Урусевский был сыном кузнеца, его отец, рабочий петербургского Путиловского завода, изобретал и создавал своими руками механизмы, менявшие способ работы и его самого, и его товарищей. Частью легенды о Сергее Урусевском стали поражающие воображение технические находки и прозрения — в ту не такую уж давнюю, но доцифровую эпоху позволявшие управлять «железом» камеры — и воплощать в химии кинопленки фантом, чудо нашего субъективного, небуквального, но единственно верного зрения. На съемках «Я — Кубы» — это будет скоро, в 1963-м, — он будет бежать с ручной камерой за актером, и в камере нарочно будет стоять полуразряженный аккумулятор: к концу пробега камера станет способна снять в секунду все меньше и меньше кадров — и мы увидим мир не буквальным, но только тогда почувствуем истину. На съемках «Летят журавли» он построит круговые рельсы, для той же «Я — Кубы» придумает, как камере пройти сквозь интерьер и вдруг в том же непостижимом кадре выйти в никуда, в воздух — и полететь над толпой, несущей убитого героя — но это не квадрокоптер, это живой Урусевский с камерой в руках — нашедший способ показать нам то, что выглядело магией технически — и смотрелось так точно для нашего восприятия.
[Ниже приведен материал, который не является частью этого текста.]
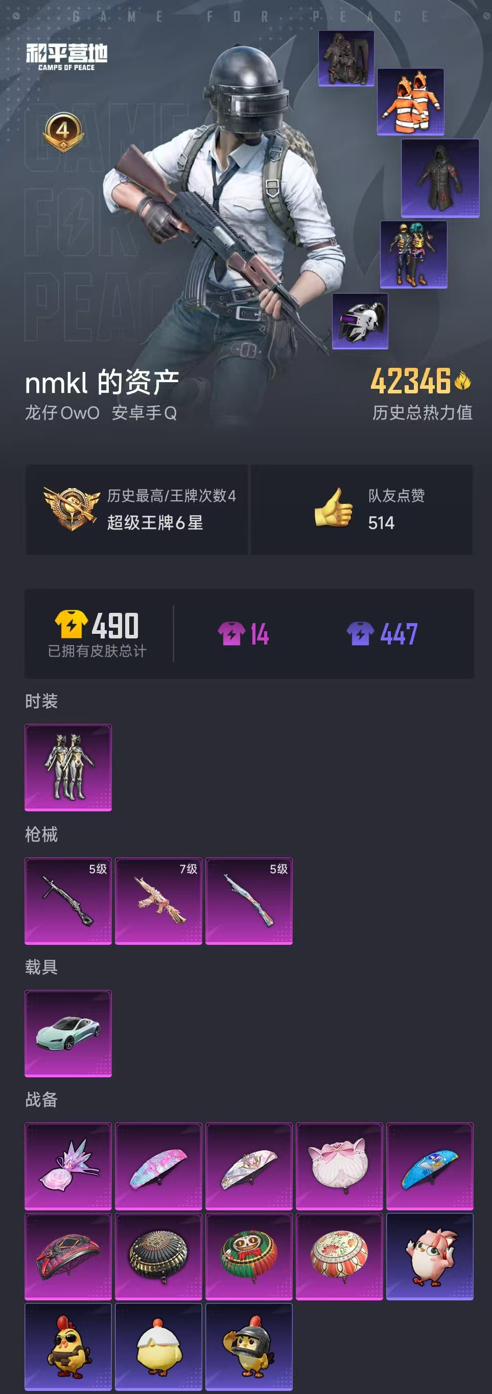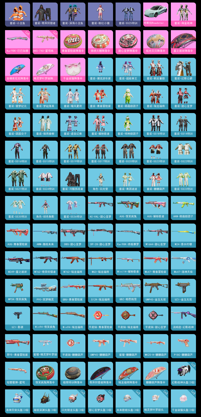 【和平精英】【lyhp20320】1粉装,3特效呛,1载具,历史最高段位:超级王牌6星 王牌印记4次 热力值:42346,127套装,131呛械,143装备,72战备;套装:套装-绚金战神,套装-特训学院,套装-猎鹰,套装-青年教官,套装-橘黑制服,套装-红色运动,套装-黄色运动,套装-蓝色运动,套装-黄色伏地魔,套装-白色伏地魔,套装-黑色伏地魔,套装-竞技名士,套装-深蓝色名流,套装-酒红色名流,套装-湖蓝色名流,套装-黄色名流,套装-猛禽,套装-长空猛禽,套装-蓝色守护者,套装-海岛探路者,套装-旭日情侣,套装-冷焰舞者,套装-灼焰舞者,套装-特战装甲,套装-战地菁英,套装-战地督导,套装-特殊使命,套装-滨海假日,套装-冷酷挑战者,套装-完美偶像,套装-人气偶像,套装-幻影武者,套装-街头潮人,套装-蓝彩潮人,套装-魅力单车,套装-绮丽涂鸦,套装-耀眼新星,套装-竞技达人朋克,套装-都市漫游者,套装-破晓战魂,套装-都市魅力,套装-沙漠兵团,套装-幻世战舞者,套装-冰凉西瓜,套装-奇异狩猎者,套装-深海小丑鱼,套装-青涩时光,套装-缤纷果语,套装-风暴特警,套装-冰川特警,套装-元素星魂,套装-幻影公爵,套装-极速红龙,套装-海上生明月,套装-麻辣教官,套装-小丑鱼,套装-粉红小猪,套装-破蛋小黄鸡,套装-萌黄之夏,套装-超能拳王,套装-探宝勇士,套装-牛气满满,套装-白糯汤圆,套装-青春冒险家,套装-潮流游乐家,套装-萌趣颜团子,套装-特种颜团子,套装-战术大师,套装-牛气冲天,套装-ss18特训,套装-耀粉歌者,套装-梦起落英,套装-ss14特训,套装-吉莉礼服,套装-微雨春柳,套装-暖风夏荷,套装-鹤发童颜,套装-ss15特训,套装-ss16特训,套装-ss17特训,套装-瑞龙福将,套装-团圆交子,套装-福星高照,套装-空投萌叽,套装-ss19特训,套装-ss20特训,套装-猎梦纪元,套装-甜心亚梦,套装-虚音幻奏,套装-ss21特训,套装-玉兔迎春,套装-ss22特训,套装-光之冒险,套装-ss23特训,套装-王牌教练,套装-柠萌假日,套装-ss24特训,套装-龟仙人,套装-ss25特训,套装-香桃花海,套装-冰河战士,套装-漫游都市,套装-云魄琉璃,角色-白光莹,套装-街头风暴,套装-海盐绵绵冰,套装-蝶变,角色-绯色魅影,套装-异域银装,套装-星途旅人,套装-ss30特训,套装-青团波波,套装-糖糖葫芦,套装-智谋强哥,套装-ss33特训,套装-青翼流星,套装-狂鲨锋刃,套装-大橘大利,套装-炫彩糖果,套装-元气之梦,套装-ss34特训,套装-游乐,套装-薄荷星砂,套装-ss35特训,套装-ss36特训,套装-雪国风尚,套装-萌鸡速递;呛皮:m762-奇异狩猎者,m762-瑞龙福将,m762-天降萌叽,m762-登顶巅峰,famas-霓彩脉冲,famas-乌木金纹,ace32-冰晶雪宝,aug-耀粉歌者,aug-青春冒险家,aug-怪笑疯兔,aug-天降萌叽,aug-异域银装,aug-冰晶雪宝,aug-紫晶流影,m16a4-甜心亚梦,m16a4-幻世战舞者,m16a4-冰河战士,akm-破晓战魂,akm-夜灯,akm-涂鸦街区,akm-彩虹符号,akm-萌趣颜团子,akm-霓彩脉冲,scar-l-红色方程式,scar-l-炫彩节奏,scar-l-彩虹符号,scar-l-玉兔迎春,scar-l-星途旅人,scar-l-海盐豹豹,g36c-乌木金纹,蜜獾-天降萌叽,蜜獾-精灵梦叶罗丽,蜜獾-糖糖葫芦,m416-夜灯,m416-蓝色火焰,m416-红色方程式,m416-糯团青竹,ac-val-甜心亚梦,ac-val-乌木金纹,ac-val-天降萌叽,q-彩虹符号,q-相思残雪,groza-彩虹符号,groza-海盐豹豹,mk47-青春冒险家,mk47-洛神天依,mk47-乌木金纹,5级kar98k-巳巳如意,kar98k-终极赛罗,kar98k-彩虹符号,kar98k-顶峰精英,kar98k-乌木金纹,m24-香水柠檬,m24-炫彩节奏,莫辛纳甘-乌木金纹,win94-怪笑疯兔,win94-瑞龙福将,win94-乌木金纹,awm-激战未来,awm-乌木金纹,qbu-青春冒险家,mk20-h-星途旅人,mk20-h-糖糖葫芦,mk20-h-狂鲨锋刃,mk20-h-乌木金纹,vss-香桃花海,mini14-耀粉歌者,mini14-香桃花海,mk14-乌木金纹,mk14-冰河战士,mk14-薄荷星砂,slr-霓彩脉冲,mk12-乌木金纹,vect-生命誓言,ump45-蓝色火焰,ump45-生命誓言,ump45-金玉无双,ump45-糖糖葫芦,野牛-青春冒险家,野牛-乌木金纹,uzi-影袭,uzi-金玉无双,uzi-炫彩节奏,uzi-天降萌叽,uzi-冰河战士,uzi-炫彩糖果,7级aks-74u-星穹咏叹调,aks-74u-鸡智如我,aks-74u-乌木金纹,汤姆逊-幻影战神,p90-筑梦精灵,mp5k-怪笑疯兔,dbs-甜心亚梦,dbs-彩虹符号,dbs-乌木金纹,spas-12-狂鲨锋刃,spas-12-乌木金纹,s686-红色方程式,s686-生命誓言,s686-彩虹符号,s12k-破晓战魂,s12k-瑞龙福将,s12k-幻世战舞者,s12k-霓彩脉冲,s1897-炫彩节奏,s1897-乌木金纹,pkm-啾咪啾咪,m249-星之彼岸,m249-冰晶雪宝,m249-乌木金纹,mg-36-薄荷星砂,mg3-瑞龙福将,mg3-幻世战舞者,mg3-乌木金纹,5级dp-28-豹影疾电,dp-28-彩虹符号,dp-28-甜心亚梦,短管霰弹-星穹咏叹调,p18c-糖糖葫芦,平底锅-青春冒险家,平底锅-瑞龙福将,平底锅-甜心亚梦,平底锅-光之冒险,平底锅-糖糖葫芦,撬棍-幻世战舞者,撬棍-冰晶雪宝,盐雾蛋-冰氧夏日,十子怒-异域银装,铝热弹-炫彩糖果,破片手留单-星途旅人,破片手留单-拽到爆炸;载具:特斯拉roadster水滴蓝;降落伞:炫彩糖果飞行器,火焰蝠人飞行服,红色滑翔尾迹,异域银装飞行器,顶峰精英尾迹,狂鲨锋刃飞行器,鸡智如我飞行器,登顶巅峰飞行器; 详情看图地铁满天赋 绚金战神 奇异 小丑鱼 满级aks-74u 特斯拉

В «Неотправленном письме» Урусевский должен был — не должен был, но увидел себя должным и записал для себя в этих раскадровках — попасть вместе с камерой внутрь огня, внутрь настоящего катастрофического горящего леса. И он снял это — обгорая под защитой асбеста.
Он начал писать картины спустя огромный промежуток своей жизни — ему было уже за 30, и после авангардной вхутеиновской юности он уже прожил 20 лет в кинематографе. И вдруг, параллельно со съемками, он попробовал не рисовать — а писать. Сначала — темпера, потом — масло: и живопись стала частью его жизни. Было трудно выбрать картину для этого кадра. Это мог быть холст со светлой комнатой, тонким букетом на открытом окне — одна из его первых картин: 1954 год, подоконник на Мещанской улице, где они жили тогда с Беллой Фридман — его вторая жена, с которой он был вместе с военных лет и до конца своих дней. Или это мог быть яркий портрет, написанный им на Кубе, — там он очень много писал, хотя были тяжелые съемки и тяжелый для него климат — но осталось множество поражающе прекрасных и ярких картин, написанных им там. Или это мог быть тревожный пейзаж из начала 70-х — он писал те места, где снимал свою последнюю картину «Пой песню, поэт». Могла быть и одна из картин, которые написаны были им за считаные дни до смерти — и были его тайной от врачей, потому что он сбегал из больницы, чтобы писать — живые, прекрасные, полные жизни картины, которые оказались предсмертными.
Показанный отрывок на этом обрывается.